Content starts

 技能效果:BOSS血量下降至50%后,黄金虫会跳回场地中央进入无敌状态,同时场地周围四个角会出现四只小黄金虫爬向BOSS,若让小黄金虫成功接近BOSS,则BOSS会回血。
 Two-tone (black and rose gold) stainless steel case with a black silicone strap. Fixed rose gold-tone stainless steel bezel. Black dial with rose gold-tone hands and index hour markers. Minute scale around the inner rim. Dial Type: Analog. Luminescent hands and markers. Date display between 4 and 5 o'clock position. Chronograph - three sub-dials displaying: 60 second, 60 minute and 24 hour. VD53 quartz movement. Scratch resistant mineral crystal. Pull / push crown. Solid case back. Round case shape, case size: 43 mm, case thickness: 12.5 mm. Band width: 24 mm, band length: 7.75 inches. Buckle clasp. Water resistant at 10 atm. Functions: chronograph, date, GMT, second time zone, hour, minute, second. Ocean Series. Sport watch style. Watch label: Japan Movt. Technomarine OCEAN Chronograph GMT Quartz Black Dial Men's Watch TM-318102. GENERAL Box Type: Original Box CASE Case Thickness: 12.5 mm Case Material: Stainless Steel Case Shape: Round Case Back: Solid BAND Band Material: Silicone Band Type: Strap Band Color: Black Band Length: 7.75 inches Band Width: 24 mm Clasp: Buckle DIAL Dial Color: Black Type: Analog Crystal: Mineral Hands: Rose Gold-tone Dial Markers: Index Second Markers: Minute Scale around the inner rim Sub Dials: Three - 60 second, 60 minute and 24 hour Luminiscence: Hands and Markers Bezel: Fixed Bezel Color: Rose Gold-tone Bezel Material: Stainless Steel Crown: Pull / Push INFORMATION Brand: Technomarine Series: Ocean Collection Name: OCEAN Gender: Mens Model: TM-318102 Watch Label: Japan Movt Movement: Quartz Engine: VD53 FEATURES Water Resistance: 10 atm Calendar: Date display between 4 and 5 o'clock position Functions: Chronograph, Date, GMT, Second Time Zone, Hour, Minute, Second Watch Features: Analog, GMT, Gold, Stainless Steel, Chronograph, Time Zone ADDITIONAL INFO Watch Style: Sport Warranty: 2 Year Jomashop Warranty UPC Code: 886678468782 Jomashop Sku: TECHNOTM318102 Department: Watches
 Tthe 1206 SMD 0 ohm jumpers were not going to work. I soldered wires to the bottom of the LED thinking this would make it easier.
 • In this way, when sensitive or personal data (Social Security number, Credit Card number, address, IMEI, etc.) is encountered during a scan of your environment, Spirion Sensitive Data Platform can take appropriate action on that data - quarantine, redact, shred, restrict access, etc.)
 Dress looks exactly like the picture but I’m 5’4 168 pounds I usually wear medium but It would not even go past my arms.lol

Content ends
Content starts

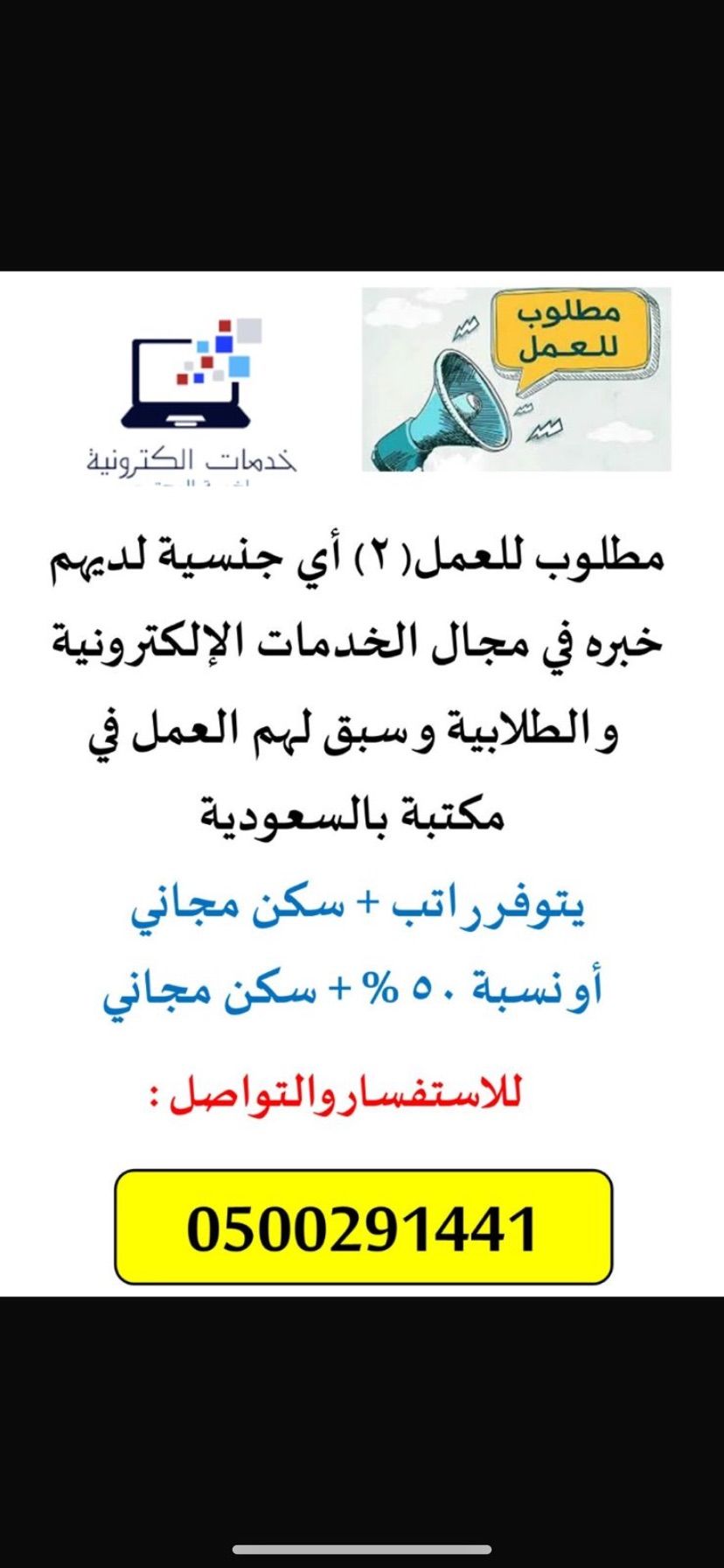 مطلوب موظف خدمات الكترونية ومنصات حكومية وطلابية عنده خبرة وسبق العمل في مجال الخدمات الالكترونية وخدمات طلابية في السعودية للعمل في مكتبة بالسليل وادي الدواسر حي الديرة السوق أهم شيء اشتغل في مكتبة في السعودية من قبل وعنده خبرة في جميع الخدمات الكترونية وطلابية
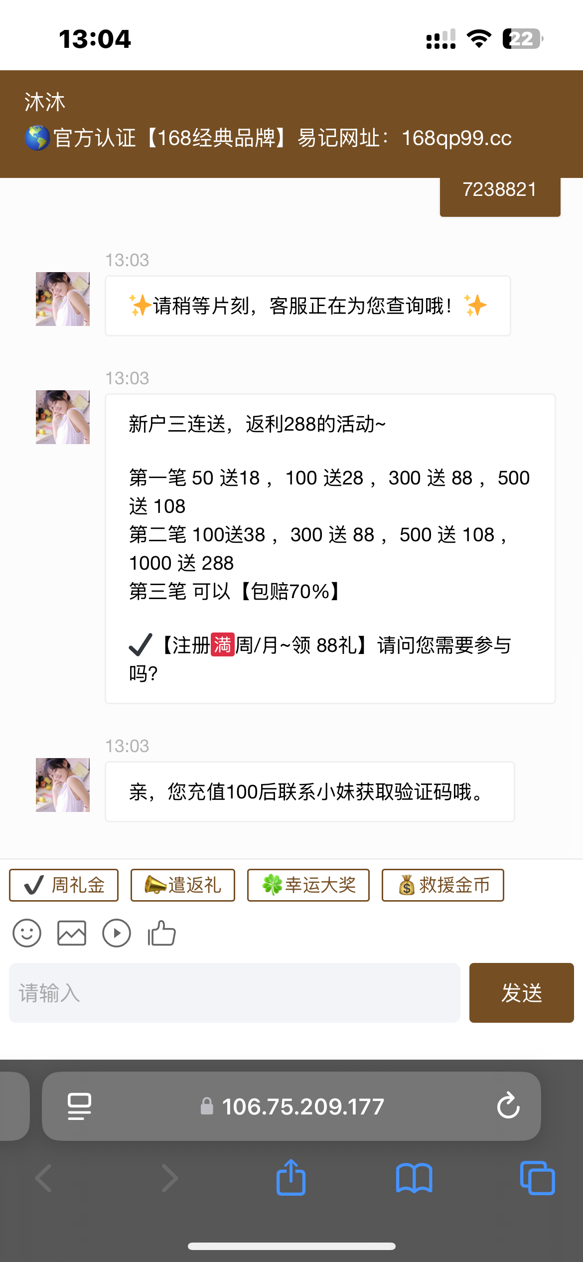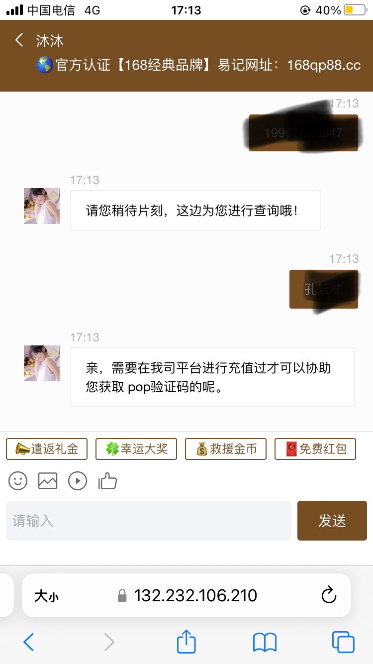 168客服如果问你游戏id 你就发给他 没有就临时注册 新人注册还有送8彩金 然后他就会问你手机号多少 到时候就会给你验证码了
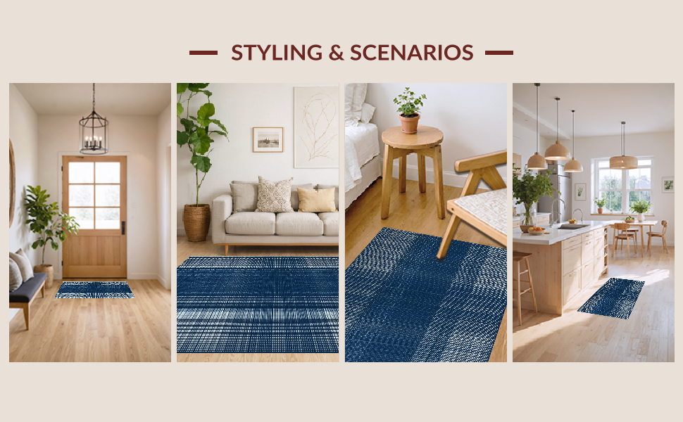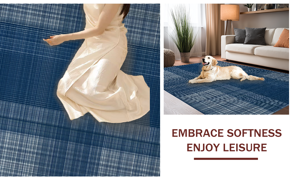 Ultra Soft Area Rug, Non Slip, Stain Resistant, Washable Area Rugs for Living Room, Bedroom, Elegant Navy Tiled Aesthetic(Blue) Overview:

Content ends
Content starts

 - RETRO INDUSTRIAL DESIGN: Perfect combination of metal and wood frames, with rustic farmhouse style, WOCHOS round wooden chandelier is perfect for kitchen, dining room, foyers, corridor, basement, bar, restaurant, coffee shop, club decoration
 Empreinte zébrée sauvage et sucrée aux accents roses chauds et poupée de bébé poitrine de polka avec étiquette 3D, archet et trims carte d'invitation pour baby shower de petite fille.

Content ends

## EXERCISE DETAILS
Output the lines of the records above exactly as they appear, from the line containing "- RETRO INDUSTRIAL" through the line containing "Empreinte zébrée sauvage".

## REPLY
 - RETRO INDUSTRIAL DESIGN: Perfect combination of metal and wood frames, with rustic farmhouse style, WOCHOS round wooden chandelier is perfect for kitchen, dining room, foyers, corridor, basement, bar, restaurant, coffee shop, club decoration
 Empreinte zébrée sauvage et sucrée aux accents roses chauds et poupée de bébé poitrine de polka avec étiquette 3D, archet et trims carte d'invitation pour baby shower de petite fille.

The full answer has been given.